Try it —
The whole listing below needs to be duplicated exactly, pictures aside.
━━ Provided material
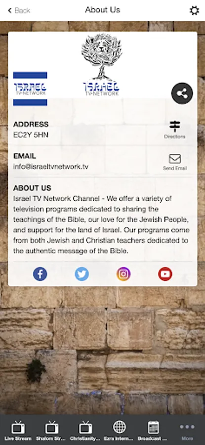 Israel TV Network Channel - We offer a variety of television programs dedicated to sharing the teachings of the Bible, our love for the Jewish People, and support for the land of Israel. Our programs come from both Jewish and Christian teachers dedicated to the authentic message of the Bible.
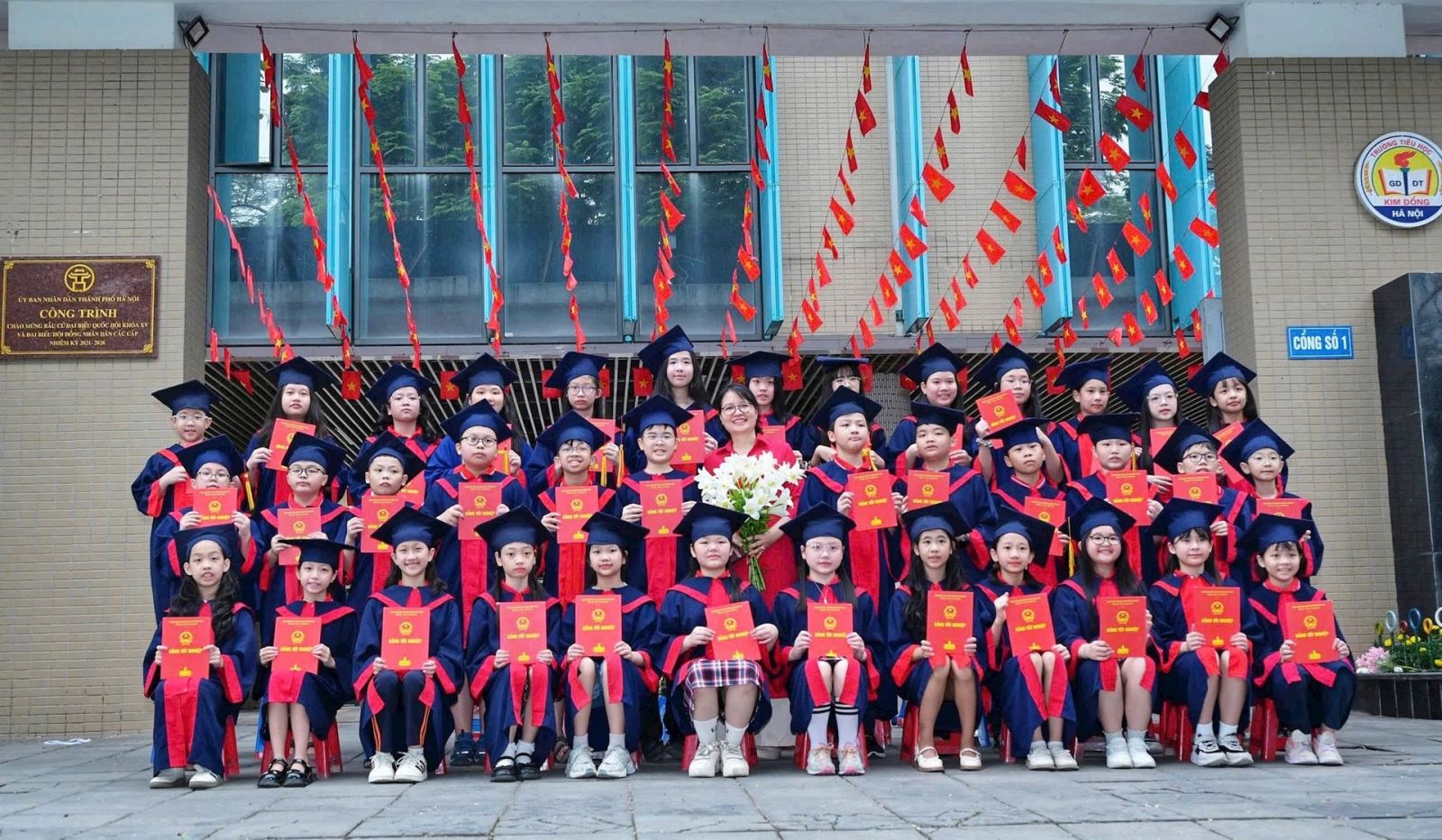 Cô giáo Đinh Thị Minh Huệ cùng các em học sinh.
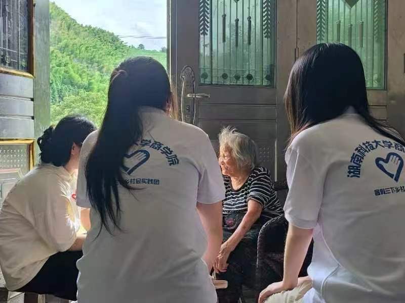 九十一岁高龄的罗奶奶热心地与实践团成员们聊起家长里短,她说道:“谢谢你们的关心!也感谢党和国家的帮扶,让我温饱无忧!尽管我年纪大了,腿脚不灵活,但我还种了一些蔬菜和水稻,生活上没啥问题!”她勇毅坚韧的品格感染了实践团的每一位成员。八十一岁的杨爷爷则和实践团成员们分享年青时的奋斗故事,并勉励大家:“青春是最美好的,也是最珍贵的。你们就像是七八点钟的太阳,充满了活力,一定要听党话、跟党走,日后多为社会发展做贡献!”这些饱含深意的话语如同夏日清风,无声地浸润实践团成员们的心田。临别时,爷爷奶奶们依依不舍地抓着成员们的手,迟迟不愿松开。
━━━━
Exercise response —
 Israel TV Network Channel - We offer a variety of television programs dedicated to sharing the teachings of the Bible, our love for the Jewish People, and support for the land of Israel. Our programs come from both Jewish and Christian teachers dedicated to the authentic message of the Bible.
 Cô giáo Đinh Thị Minh Huệ cùng các em học sinh.
 九十一岁高龄的罗奶奶热心地与实践团成员们聊起家长里短,她说道:“谢谢你们的关心!也感谢党和国家的帮扶,让我温饱无忧!尽管我年纪大了,腿脚不灵活,但我还种了一些蔬菜和水稻,生活上没啥问题!”她勇毅坚韧的品格感染了实践团的每一位成员。八十一岁的杨爷爷则和实践团成员们分享年青时的奋斗故事,并勉励大家:“青春是最美好的,也是最珍贵的。你们就像是七八点钟的太阳,充满了活力,一定要听党话、跟党走,日后多为社会发展做贡献!”这些饱含深意的话语如同夏日清风,无声地浸润实践团成员们的心田。临别时,爷爷奶奶们依依不舍地抓着成员们的手,迟迟不愿松开。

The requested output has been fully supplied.